The solution addresses this directly: a personalized roadmap tailored to each startup idea that guides founders through every essential step, from identifying their ICP to setting up their EIN. It's concrete, specific, and directly addresses the fear of missing critical steps.

The Pain Point Test

Before you finalize your waitlist messaging, ask yourself:

  • Would someone lose sleep over this problem?
  • Are they actively searching for solutions right now?
  • Would they pay money to solve this immediately?
  • Does your solution address the root cause, not just symptoms?
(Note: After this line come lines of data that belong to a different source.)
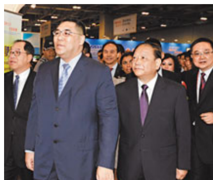
崔世安巡視第16屆澳門國際貿易投資展覽會展館。

香港文匯報訊(記者 王海濤、林婉琪、李潔穎 澳門報導)以「促進合作，共創商機」為主題的第16屆澳門國際貿易投資展覽會(MIF)昨日開幕，來自60多個國家和地區的350個代表團參加，展會規模為歷屆之冠。澳門經濟財政司司長譚伯源表示，澳門將貫徹中央「十二五」的發展規劃，逐步將澳門發展成為世界旅遊休閒中心和區域商貿服務平台。
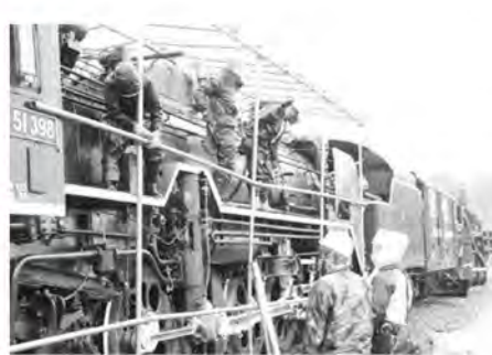
▲昨年の冬囲いのようす

北国博物館利用案内 観覧料 一般・学生220円、65歳以上110円、団体(10人以上)152円、高校生以下無料 企画展(無料) 市指定文化財 名寄教会会堂 日本基督教団名寄教会の会
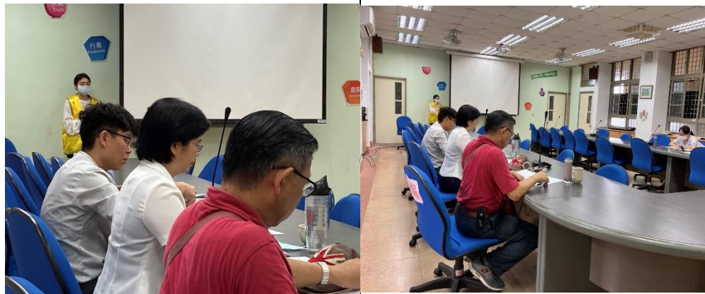
協助拍攝採購工作及審查小組會議。
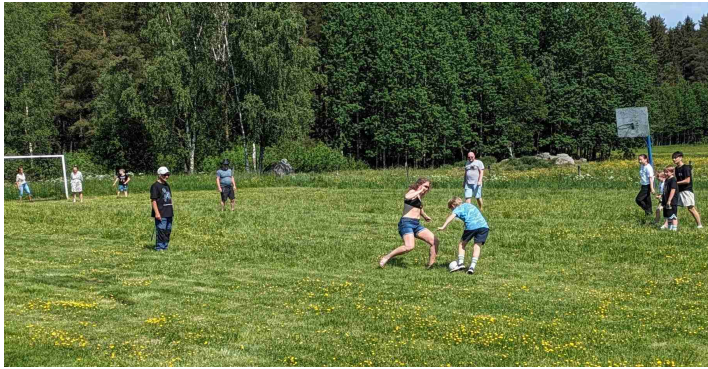
Jalkapallo viihdytti kaiken ikäisiä ja peli-intoa riitti. Uimataitoakin kokeiltiin kesäisen auringon lämmittä- mässä vedessä laiturin nokalta.
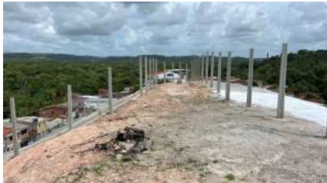
Cerca com Mourões no cume entre as barreiras de Santo Antônio e Coqueirinho.
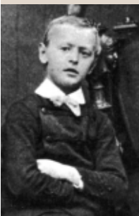
Hermann Hesse, 12-jährig

Gelesen werden eine Liebesgeschichte, die Hermann Hesse vermutlich selbst als Zwölfeinhalbjähriger erlebt hat, sowie die tragisch-komische Geschichte, in der ein etwas schüchterner junger Calwer Kaufmann versucht eine Frau zu finden, damit er die Bedingung erfüllt, die ihm seine Tante gestellt hat für die Übergabe ihres Ladens an ihn.
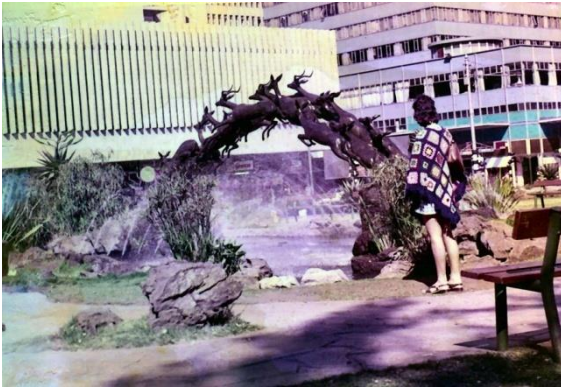
Una bellissima fontana a Johannesburg

di razza diversa. Questo era terribile e ci sarebbero voluti numerosi anni prima che il muro dell'apartheid collassasse per lasciare spazio ad una società multiculturale e libera dove gli esseri umani non erano divisi a causa del loro colore.
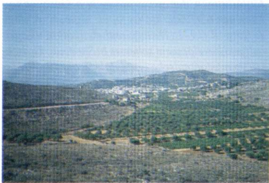
Slika 1: Ravnin je na Kreti malo, zato je planotast svet večinoma skrbno obdelan. Na fotografiji je nasad oliv, ki se uvrščajo med glavne kmetijske pridelke. V ozadju je Mohos, pretežno agrarno usmerjeno naselje. Podobno je z večino naselij v notranjosti Krete, saj je turizem vezan predvsem na ozek obalni pas.

V mladonagubanem gorstvu Krete prevladujejo apnenci mezozojske starosti. Marmorji na zahodnem delu otoka so posledica tektonske metamorfoze. Presenetljiva je najdba debelega sloja bazaltnih kamnin, ki opozarjajo na spremenjeno tektoniko ob koncu mezozoika. Ravnine in nižine so prekrile s kvar-
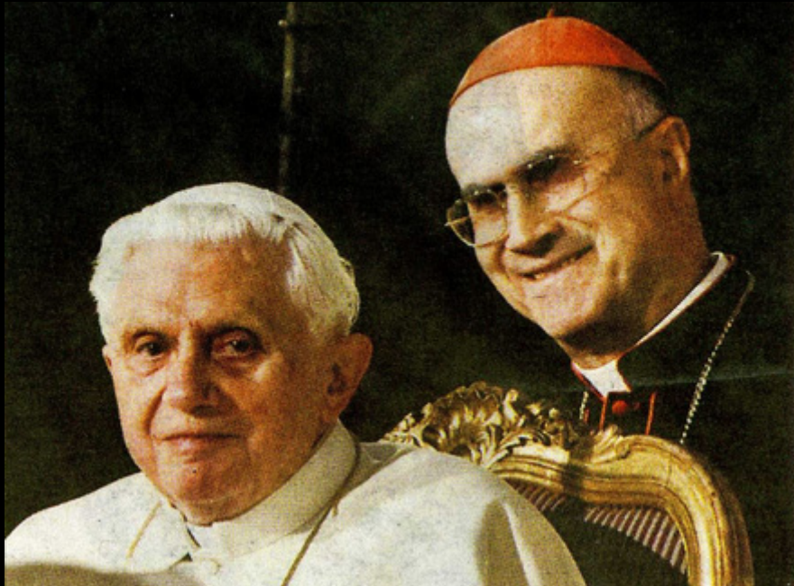
Benedicto XVI y Tarcisio Bertone.

If you can't answer "yes" to all of these, you need to dig deeper into your audience's real challenges.

Putting It All Together: Waitlist Messaging That Works

The Formula for Waitlist Success

Successful waitlist copy follows a simple but powerful formula:

Who it's for + What problem you solve + How you solve it = Signups

Instead of "Brand Name - Coming Soon," your waitlist should immediately communicate:

  • The specific type of person this serves
  • The exact problem you're solving for them
  • A clear hint at your unique solution approach

Marketing Beyond Your Network

Once you have clear messaging, you need to get it in front of people who don't already know you. This means:

  • Creating content that resonates with your ICP on their preferred platforms
  • Engaging in communities where your ideal customers spend time
  • Building partnerships with others who serve adjacent needs
  • Using targeted advertising with your specific messaging

The goal is reaching people who've never heard of you but immediately recognize themselves in your messaging.

Key Lessons You Can Apply Today

Action Items for Your Next Waitlist

  • Audit your current waitlist messaging – Does it clearly state who it's for and what problem it solves? If not, it's time for a rewrite.
  • Define your ideal customer profile with laser precision – Go beyond demographics to understand specific challenges, behaviors, and pain points.
  • Test your problem-solution fit – Interview potential customers to validate that your solution addresses a genuinely painful problem.
  • Craft messaging that speaks directly to your ICP – Use their language, reference their specific situations, and make it immediately clear this is "for them."
  • Plan your outreach beyond your personal network – Identify where your ideal customers spend time and how to reach them with your message.

Next Steps

Stop Building Waitlists That Flop

Generic waitlists are a waste of your time and energy. Your product deserves better than signups from people who already know and love you. It deserves to reach the people who genuinely need what you're building.

Start by getting crystal clear on these two fundamentals: who you're serving and what painful problem you're solving for them. Everything else – your messaging, your marketing, your product development – should flow from this foundation.

Ready to build a waitlist that actually converts? Take the next hour to define your ideal customer profile and the specific pain point your solution addresses. Then rewrite your waitlist copy to speak directly to that person about that problem.

The difference in your signup rates will speak for itself.